Можно себе представить чувства капитана Николя! Говорили, что он заболел от
досады и гнева. Оставалось, однако, еще несколько пари -- в три, четыре и
пять тысяч долларов, и если бы он выиграл хоть два из них, он смог бы еще
оказаться в некотором барыше. Но не денежные соображения волновали капитана
Николя: его самолюбию нанесла страшный удар удача его соперника в отливке
пушки, выстрелы которой, пожалуй, пробили бы броню и в десятки туазов
толщиной.
Начиная с 23 сентября был открыт для публики доступ в ограду
Стонзхилла. Разумеется, сразу же нахлынула толпа посетителей.

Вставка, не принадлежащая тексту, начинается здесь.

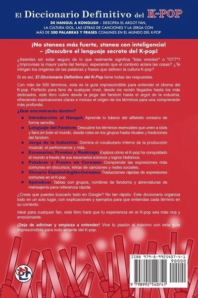 ¡Descubre el lenguaje secreto del K-pop! ¿Asientes sin estar seguro de lo que realmente significa "bias wrecker" o "OT7"? ¿Improvisas la mayor parte del tiempo, esperando que el contexto aclare las cosas? ¿Te intrigan los orígenes de las palabras y frases que definen la cultura K-pop? Si es así, El Diccionario Definitivo del K-Pop tiene todas las respuestas. Con más de 500 términos, esta es la guía imprescindible para entender el idioma del K-pop. Perfecto para fans de cualquier nivel, desde los recién llegados hasta los más dedicados, este libro cubre desde la jerga del fandom hasta el argot de la industria, ofreciendo explicaciones claras e incluso el origen de los términos para una comprensión más profunda.¿Qué encontrarás dentro?Introducción al Hangul - Aprende lo básico del alfabeto coreano de forma sencilla. Lenguaje del Fandom - Descubre los términos esenciales que unen a idols y fans en todo el mundo, desde roles en los grupos hasta rituales y tradiciones del fandom. Jerga de la Industria - Domina el vocabulario interno de la producción musical, el performance y más. Escenarios, Premios y Rankings - Explora cómo el K-pop ha conquistado el mundo a través de sus escenarios icónicos y logros históricos. Palabras y Frases en Coreano - Comprende las expresiones más comunes en discursos, letras de canciones y redes sociales. Glosario Inglés-Coreano - Traducciones rápidas de expresiones comunes en el K-pop. Apéndice - Tablas con grupos, nombres de fandoms y abreviaturas de mensajería para referencia rápida. Este diccionario organiza todo en un solo lugar, con explicaciones y ejemplos para que entiendas cada término en su contexto.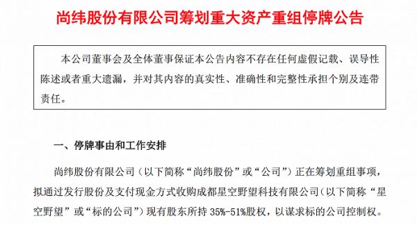 10月27日消息, 尚纬股份有限公司(下称“尚纬股份”)发布停牌公告,称正在筹划重组事项,拟通过发行股份及支付现金方式收购成都星空野望科技有限公司(下称“星空野望”)现有股东所持35%-51%股权,以谋求标的公司控制权。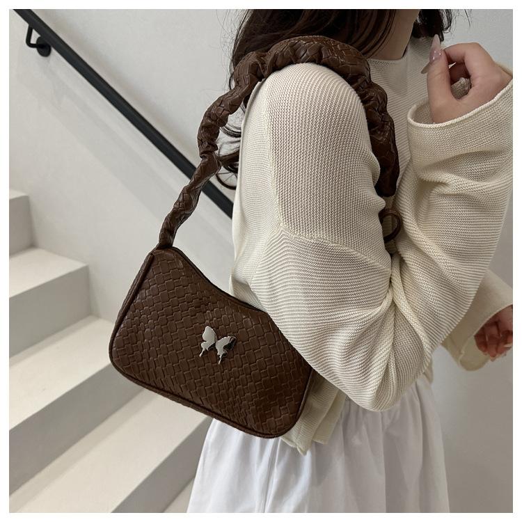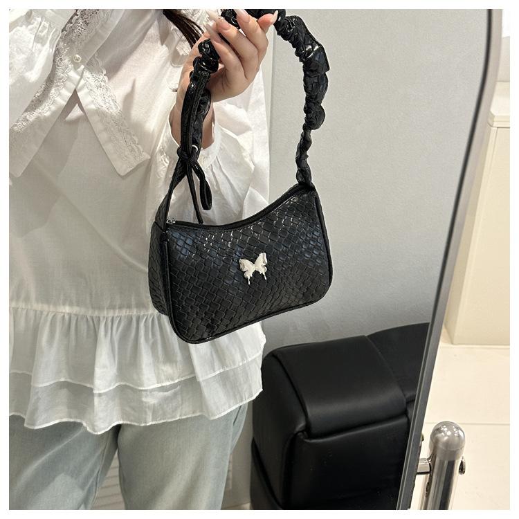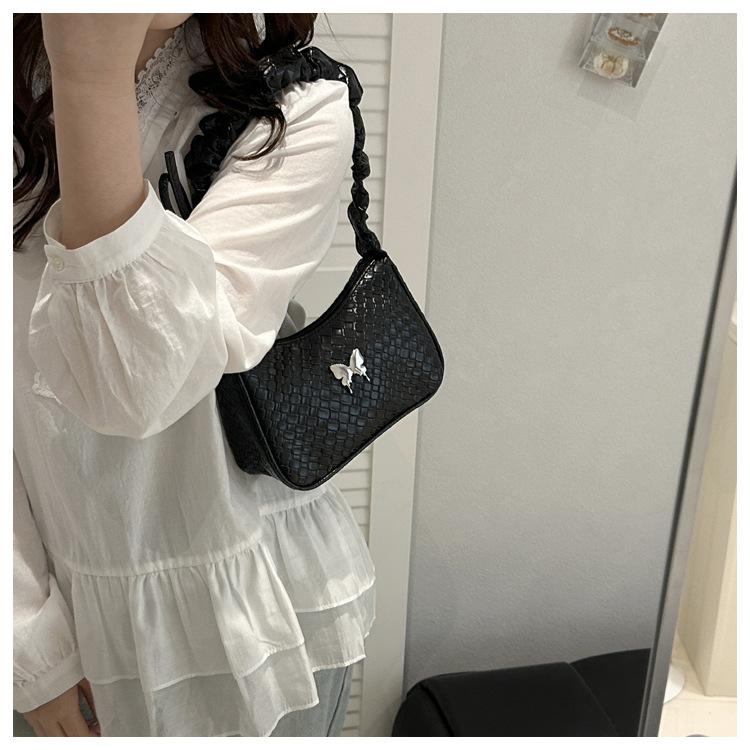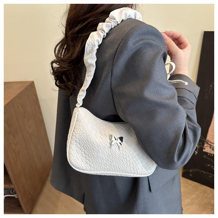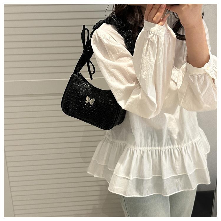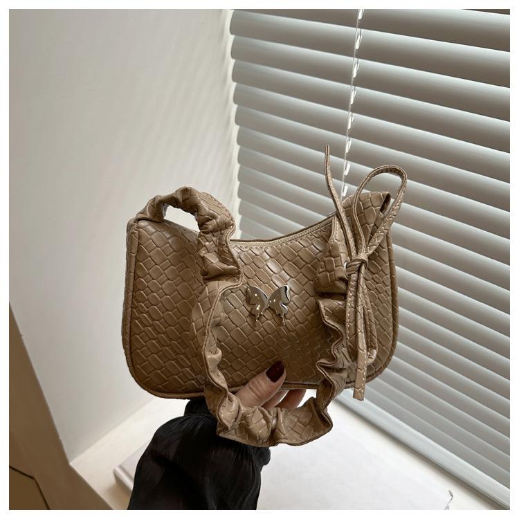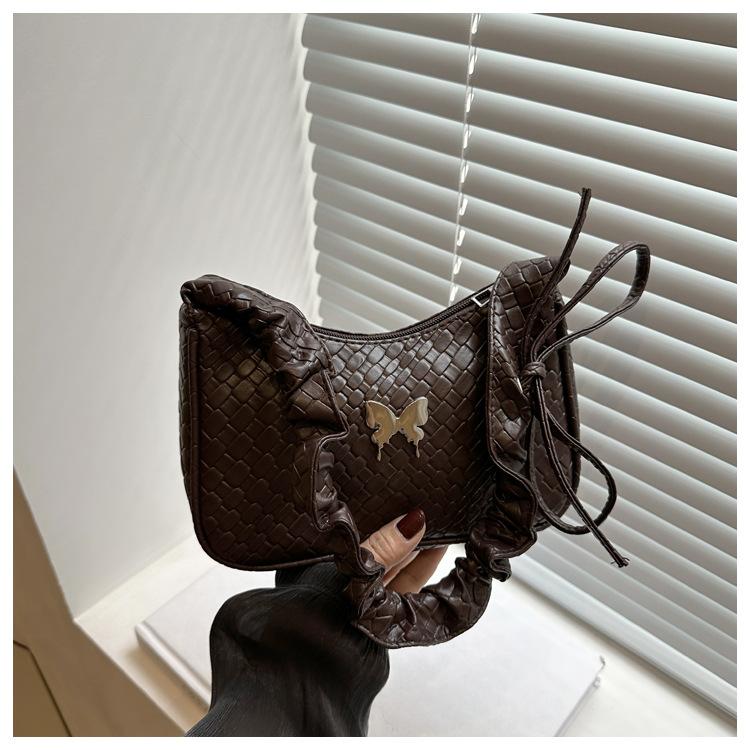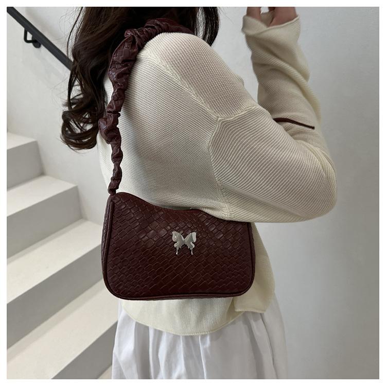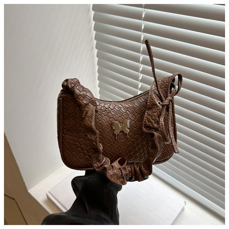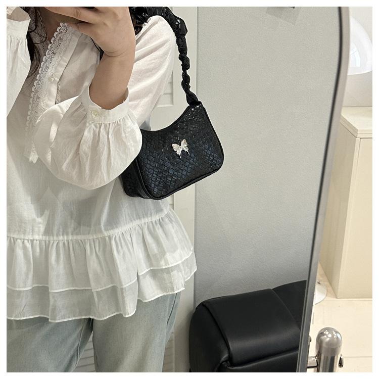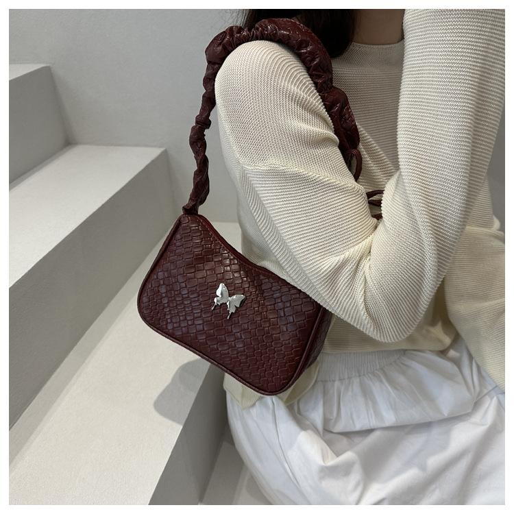 Bolsa Feminina Plissada de Mão com Padrão Tecido Transfronteiriço de Grande Capacidade 2025 Nova Bolsa de Ombro Borboleta de Primavera Bolsa Axilar Multifuncional

Еще задолго до того во Флориду стали съезжаться со всех концов
Соединенных Штатов несметные толпы любопытных туристов. За эти месяцы
вследствие работ, производившихся "Пушечным клубом", город Тампа неимоверно
разросся, население его насчитывало уже полтораста тысяч человек. Сеть новых
улиц окружила форт Брук, затем была заселена вся длинная песчаная коса,
разделяющая рейды залива Эспириту-Санто; новые кварталы, новые площади,
целый лес домов вырос на еще недавно пустынных прибрежных песках под
раскаленным солнцем Флориды. Образовались акционерные общества, взявшие
подряды на постройку школ, церквей, банков и частных домов; меньше чем за
год общая площадь города увеличилась в десять раз.
Известно, что янки родятся коммерсантами; их страсть к делам
проявляется всюду, куда их ни забросит судьба,-- и в тропических и в
полярных странах. Поэтому многие из них, приезжавшие в Тампа только для
того, чтобы посмотреть на работы "Пушечного клуба", быстро сообразили, что
здесь можно делать дела. Гавань Тампа чрезвычайно оживилась благодаря рейсам
пароходов, зафрахтованных для подвоза рабочих и материалов в Стонзхилл.
Вскоре в гавани и на рейдах стали появляться и другие суда разных типов и
разного тоннажа, подвозившие грузы, съестные припасы и всевозможные товары;
в городе открылись пароходные и маклерские конторы, стала выходить "Шиппинг
Газетт", ежедневно отмечавшая прибывавшие в гавань Тампа суда. Население
города настолько увеличилось и торговля в нем так развилась, что понадобился
сухопутный транспорт, и вскоре Тампа был соединен рельсовым путем с сетью
остальных железных дорог Америки.
Железнодорожная линия связала город Мобил с Пенсаколой, крупным южным
морским арсеналом; из этого важного пункта она была проложена вплоть до
Таллахаси. До того времени существовал лишь небольшой отрезок
железнодорожного пути, длиной в двадцать одну милю, между Таллахаси и
поселком Сент-Маркс, расположенным на морском берегу. Эта линия протянулась
вплоть до Тампа и сразу оживила еще недавно пустынную, унылую область
Центральной Флориды. Таким образом, своим процветанием Тампа был всецело
обязан идее, зародившейся в один прекрасный день в мозгу Барбикена;
благодаря чудесам техники он вскоре уже по праву смог называться большим
городом. Его прозвали Мунсити, то есть Луна-город, и вскоре произошло полное
затмение официальной столицы Флориды, которое можно было наблюдать во всех
пунктах земного шара.
Теперь понятно, на какой почве возникло ожесточенное соперничество
между Техасом и Флоридой, понятна и ярость техасцев, которые были жестоко
обмануты в своих надеждах, когда выбор остановился на Флориде.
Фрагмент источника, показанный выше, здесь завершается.